Издатель газеты “Руль” (и моих первых книг), Иосиф Владимирович Гессен, с благодушным попустительством позволил мне питать поэтический раздел газеты моими незрелыми стихами. Синева берлинских сумерек, шатер цветущего углового каштана, легкое головокружение, бедность, влюбленность, мандариновый оттенок преждевременной световой рекламы и животная тоска по еще свежим запахам России, – все это в ямбическом виде, переписанное от руки, волоклось в издательский кабинет, где близорукий И.В. подносил новое стихотворение поближе к лицу, и после этого краткого, более-менее осязательного знакомства, опускал его на свой стол. К 1928-ому году стали приносить кое-какие деньги немецкие переводы моих книг, и весной 1929-го года мы с тобой поехали ловить бабочек в Пиренеях. Но только в конце тридцатых годов мы покинули Берлин навсегда, хотя уже задолго до этого я повадился навещать Париж для публичных чтений.

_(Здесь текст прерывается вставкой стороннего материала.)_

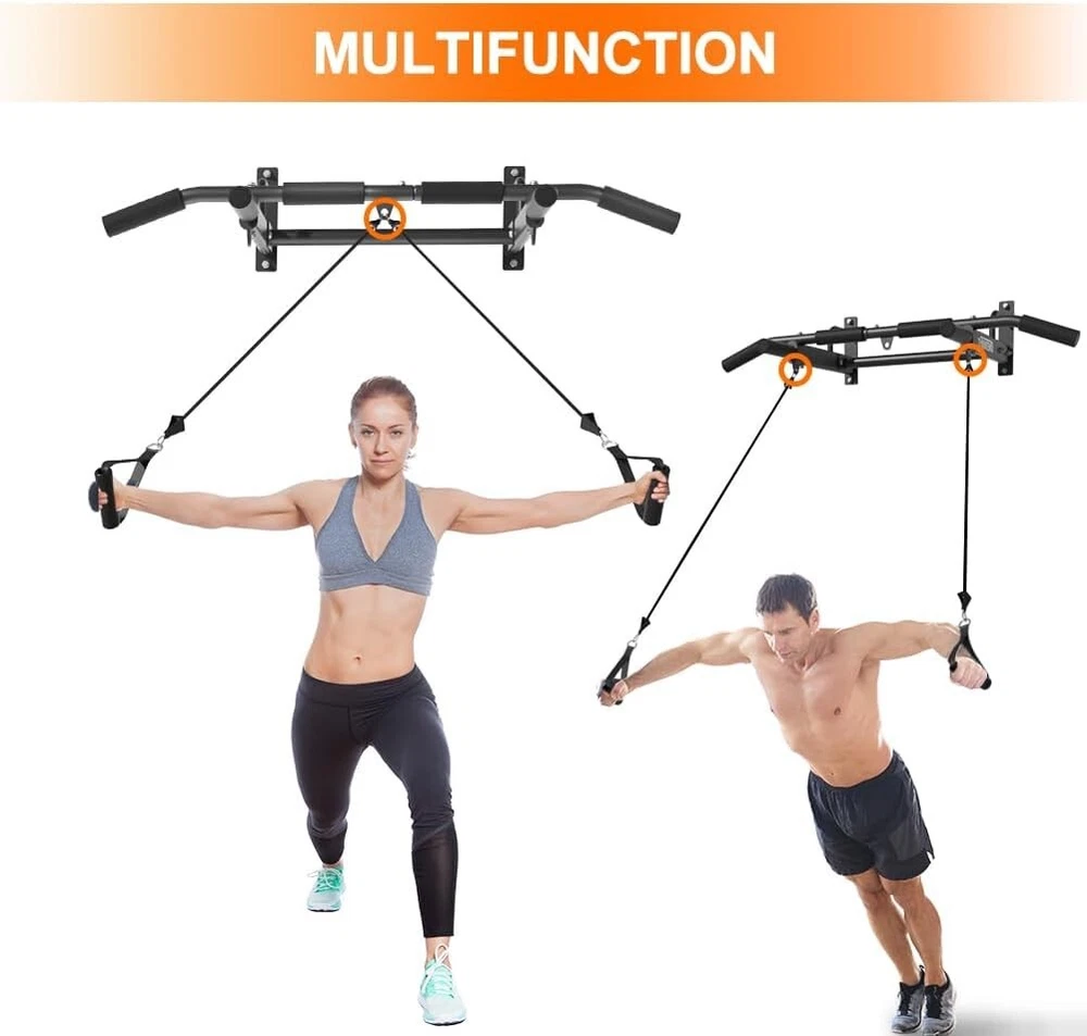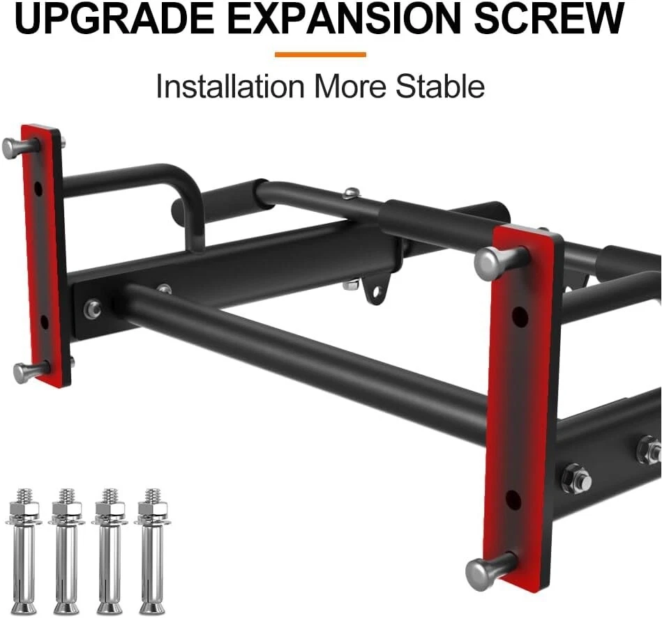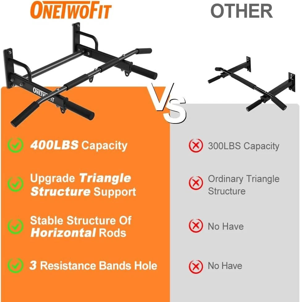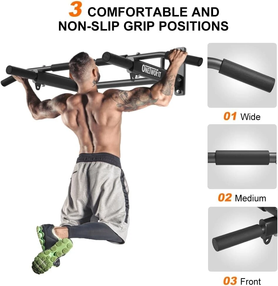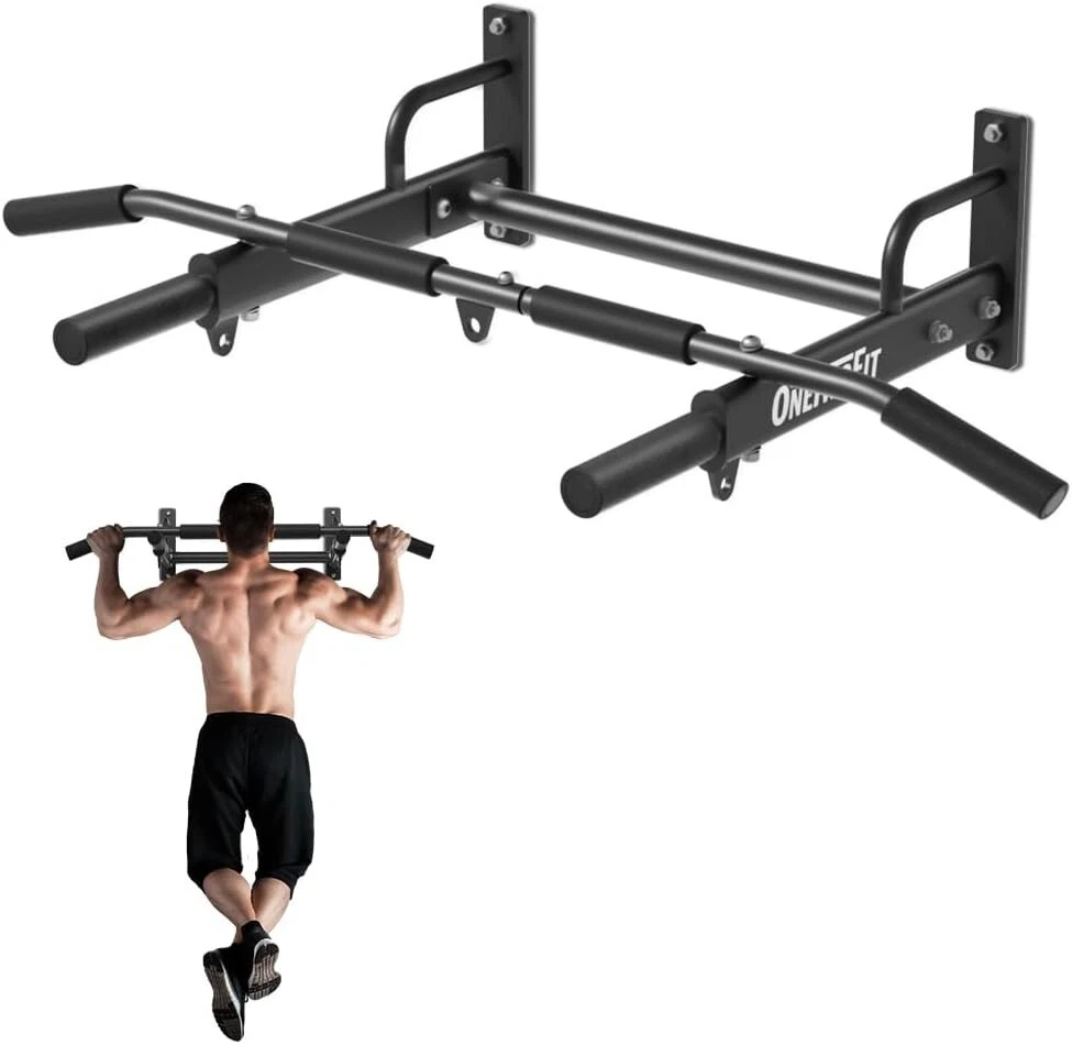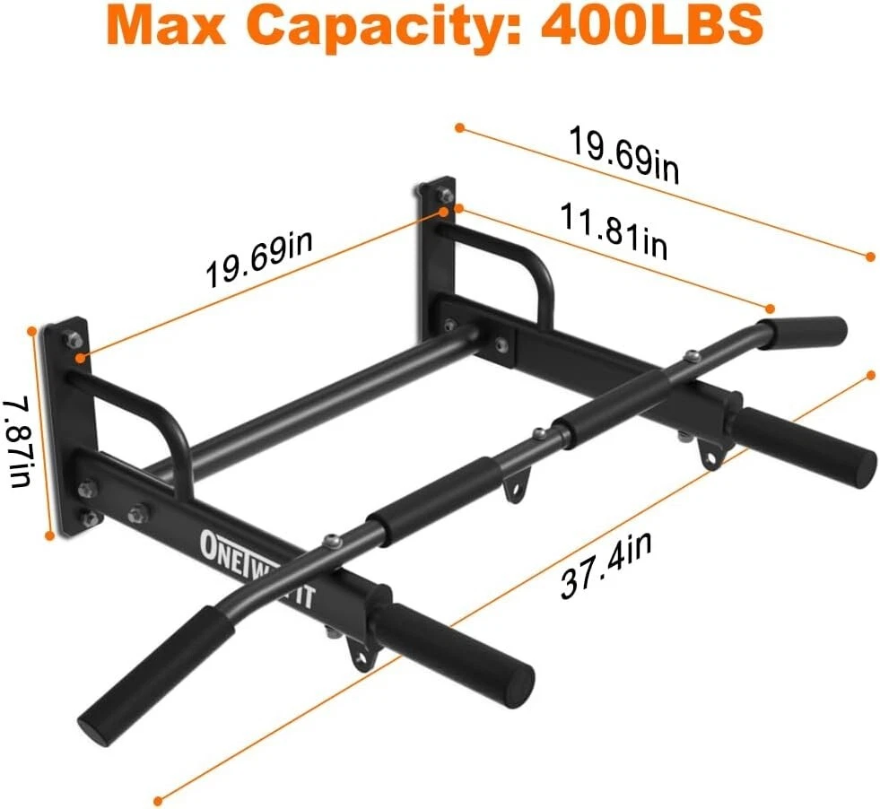 ONETWOFIT Wall Mounted Pull Up Bar, 400 LBS Heavy Duty Chin Up bar Multifunctional Strength Training Wall Mount Pull up Bar Upper Body Workout for Indoor Home Gym About this item WALL MOUNTED REQUIREMENTS - ONETWOFIT wall mount pull up bar should be installed on a brick/concrete/masonry wall. ❌DON'T install on drywall, plaster walls, and cavities. HIGH WEIGHT CAPACITY - Add crossbars and streamlined triangular structural supports, Wall chin up bar can support up to 400LBS, suit exercisers of various sizes and fitness levels. HEAVY DUTY STEEL CONSTRUCTION - Wall mounted pull bar built with 1.7mm thickened steel and the fine powder coating to prevent rust. Comfortable grips help you exercise more relaxing. 3 EYEHOLES AND MUTI-GRIPS - 3 additional eyeholes can be with resistance bands using, stretch your back. Note: can not hold boxing bags. Neutral, wide, and straight grips can target different muscle groups for an upper-body workout. MULTIFUNCTIONAL EXERCISE BAR - As a simple, yet extremely effective exercise equipment, the home bar will help you exercise your upper body. A pull-up bar will help you strengthen mainly your abs, chest muscles, arms, and back.
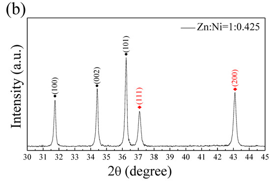 The grain sizes of ZnO and NiO in ZnO–0.425NiO were evaluated using theoretical Debye–Scherer equation (Equation (1)).
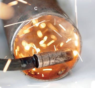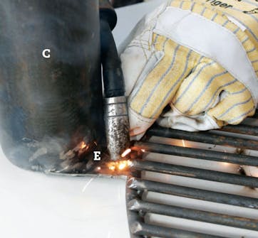 Svetsa fast ett handtag (F) till gallret mitt på röret (C). Skär till 12 cm av ett entumsrör och placera handtaget mitt på röret på den motsatta sidan av järnbiten.
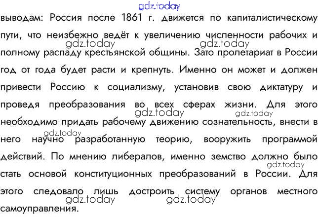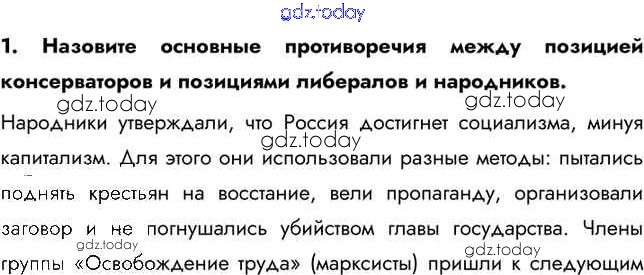 На страницах сайта gdz.today вы найдете учебный и вспомогательный материал, направленный на улучшения знаний школьной программы. ГДЗ - онлайн мир знаний Думаем, сравниваем, размышляем § 24. Общественное движение в 1880-х - первой половине 1890-х гг. 1 Учебнику по Истории России для 9 класса Арсентьев, Данилов  Просвещение  2016
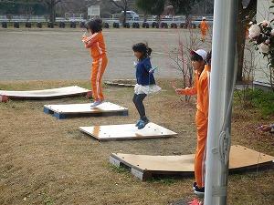 昨日お伝えしました,用務員さんがつくっていた縄跳び練習台が完成しました。早速,子供たちが使っている様子も御紹介しましょう。
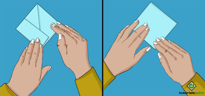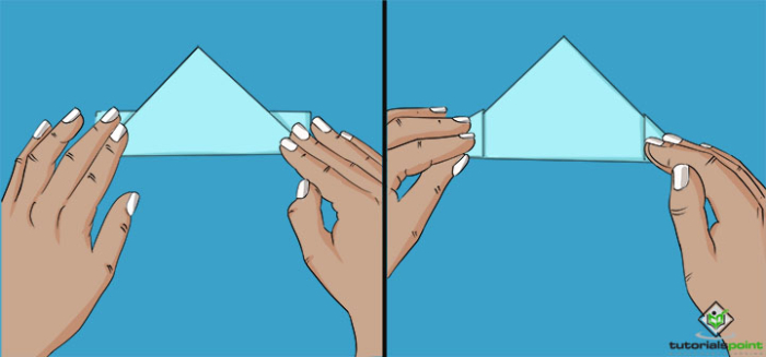 換句話說,翻轉紙張。然後,將剩餘的底部點連線到頂部點,檢查邊緣是否平行。需要沿著邊緣按壓才能形成摺痕。拿起摺疊好的紙張,將拇指插入縫隙中。重複上一步,用拇指逐漸將紙張拉開。當你拉完後,紙張應該恢復平整。

Немыслимая частость этих литературных чтений, проводимых в частных дамах или наемных залах, была приметной особенностью эмигрантской жизни, вполне отвечавшей ее скитальческому и театральному характеру. В кукольном представлении, происходящем в моем мозгу, различные типы исполнителей выделяются очень отчетливо. Вот поблекшая актриса с глазами, словно драгоценные камни; на мгновенье прижав к лихорадочному рту стиснутый в кулаке платочек, она воскрешает ностальгическое эхо Московского Художественного Театра, подвергая какие-нибудь знаменитые стихи воздействию – наполовину препарирующему, наполовину ласкающему, – своего медленного, прозрачного голоса. Вот безнадежно второсортный прозаик, голос которого блуждает в тумане ритмической прозы, меж тем как зал следит за нервным дрожанием его бедных, неловких, но тщательных пальцев, подсовывающих прочитанную страницу под еще оставшиеся, так что рукопись, пока длится чтение, сохраняет пугающую и жалостную пухлость. Вот молодой поэт, в котором его завистливая братия не может не видеть черты гениальности, такой же явственной, как полоска на скунсе; вытянувшись в струнку посредине сцены, бледный, с остекленелым взором, с руками, неспособными ухватить хоть что-то, позволяющее удержаться в этом мире, он закидывает голову назад и изливает свои стихи раздражающим слух, раскатистым распевом, резко обрывающимся, словно дверь захлопывается на последней строке, и застывает, ожидая, когда аплодисменты заполнят наступившую тишину. Вот старый cher maоtre, размеренно, жемчужина за жемчужиной, роняющий в публику восхитительный рассказ, читанный им бессчетное множество раз, и всегда одинаково, с тем же выражением брезгливой неприязни, которое несут благородные складки его лица на фронтисписе собрания его сочинений.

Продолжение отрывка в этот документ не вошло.